El movimiento indígena ecuatoriano está en las antípodas de semejante proyecto político. Su base social se mueve en la búsqueda y la defensa de la autonomía comunal. La consigna de un “Estado plurinacional” apunta precisamente a la construcción de esa autonomía social y territorial. Su centro de poder y prestigio no ha sido el Estado, aunque lo han usado muchas veces a nivel municipal, sino la movilización social. La misma victoria de Yaku Pérez es impensable sin la exitosa conducción de las intensas y masivas movilizaciones de octubre de 2019 contra las medidas de ajuste económico del gobierno de Lenin Moreno. A veces de modo borroso e incoherente, su instinto social los lleva a favorecer formas de participación y gestión corporativa de la democracia en cada tema, en educación, en salud, en gestión de proyectos sociales y productivos. En lugar de una “autoridad única del agua” para revisar y auditar la entrega de concesiones, propuso un “consejo plurinacional del agua” con participación de organizaciones locales y territoriales. Detrás de su proyecto existe una voluntad de construir un sujeto popular alternativo y organizado, desde fuera del Estado, que se haga cargo progresivamente de la gestión pública. Otro Estado, no solo un regreso del Estado.

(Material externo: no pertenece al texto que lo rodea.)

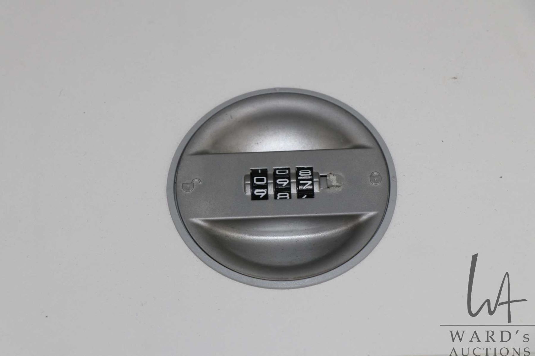 Two drawer lateral filing cabinet with open hutch topper, note: drawers are lock and programmed to factory password, 63" H X 32" W X 18" D

La apuesta es arriesgada porque no todo lo descentralizado ni todo lo local ni todo lo que tiene participación corporativa es automáticamente mejor. El Estado, los tecnócratas, los partidos políticos populares, podrían aportar. Hay un amplio campo abierto para la experimentación y la búsqueda de balances sociales entre el poder autónomo del Estado y el poder autónomo de los distintos grupos de la sociedad. Hay que decir que Rafael Correa jamás aceptó nada menos que la más absoluta centralización de las decisiones en sus ilustradas manos y las de sus colaboradores más íntimos. Y lo hizo con toda la fuerza represiva del Estado, y con la obstinación más absoluta de quien considera a las organizaciones autónomas de la sociedad sus enemigos. El resultado previsible fue la colonización del proyecto político de la tecnocracia correísta por una serie de grupos empresariales emergentes dependientes de los contratos con el Estado. Como dijo en su momento Antonio Gramsci: “También sucede que muchos intelectuales creen que ellos son el Estado, creencia que, dada la masa imponente de la categoría, a veces tiene consecuencias notables, y lleva a complicaciones desagradables para el grupo económico fundamental que realmente es el Estado”. Pero esos tecnócratas no son el Estado y terminaron colonizados por quienes en realidad lo son.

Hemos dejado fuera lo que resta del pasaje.